И тут от мастера поступило неприятное известие. Он заявил, что обе ночи плохо спал из-за шума реки. Его уговорили сесть за доску, которую отнесли в самый дальний номер гостиницы, где шум реки был не такой сильный, - нужно было сфотографировать противников для газеты, - но он дал нам понять, что гостиницей недоволен.
Вообще говоря, из-за таких пустяков, как недосыпание, игровой день не переносят. Профессиональные игроки в го строго соблюдают игровые дни - даже если умирают их родители, даже если они падают на доску от болезни. Примеров тому немало и в наши дни. Подобное заявление утром в день доигрывания было поступком недостойным, тем более для почитаемого всеми мастера. Конечно, для него это была очень важная партия, но не менее важной она была и для Отакэ.
И случай в павильоне Коёкан, и последний инцидент - все это были попытки нарушить регламент матча. Никто из его организаторов не имел непререкаемого авторитета, никто не мог приказывать мастеру и тем более заставить его подчиниться. Поэтому Отакэ забеспокоился, как пойдут дела дальше. Несмотря на это, Отакэ, ничуть не изменившись в лице, мужественно снес каприз мастера и только сказал:
- Это я выбрал гостиницу. В том, что сэнсэй не смог уснуть, - моя вина. Давайте переберемся в другое место, сэнсэй выспится как следует, а доигрывать начнем завтра, прошу вас.

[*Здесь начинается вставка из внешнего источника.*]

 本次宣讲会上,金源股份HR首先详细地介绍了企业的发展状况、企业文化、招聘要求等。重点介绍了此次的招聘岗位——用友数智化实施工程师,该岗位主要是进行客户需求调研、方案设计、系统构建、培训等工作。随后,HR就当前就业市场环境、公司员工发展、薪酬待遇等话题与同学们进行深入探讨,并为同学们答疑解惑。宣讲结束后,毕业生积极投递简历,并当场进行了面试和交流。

Отакэ раньше бывал в Догасима и останавливался в этой гостинице. Он решил, что она подходит для игры, и остановил свой выбор на ней. Но из-за ливней в реке прибыло столько воды, что ее шум напоминал перекатывание огромных камней. В гостинице на островке посреди реки заснуть и впрямь было трудно. Сознавая свой промах, Отакэ чувствовал себя виноватым перед мастером.
И теперь я смотрел на спину Отакэ, одетого в легкое гостиничное кимоно, - в сопровождении корреспондента Гои он отправился искать гостиницу потише.
14
Утром все перебрались в гостиницу "Нарая". На следующий день, 11 июля, во флигеле гостиницы "Нарая" после двенадцатидневного перерыва игра возобновилась. С этого дня мастер целиком погрузился в игру, никакого своеволия больше не проявлял и был совершенно безропотен, словно отдал во власть игры всего себя.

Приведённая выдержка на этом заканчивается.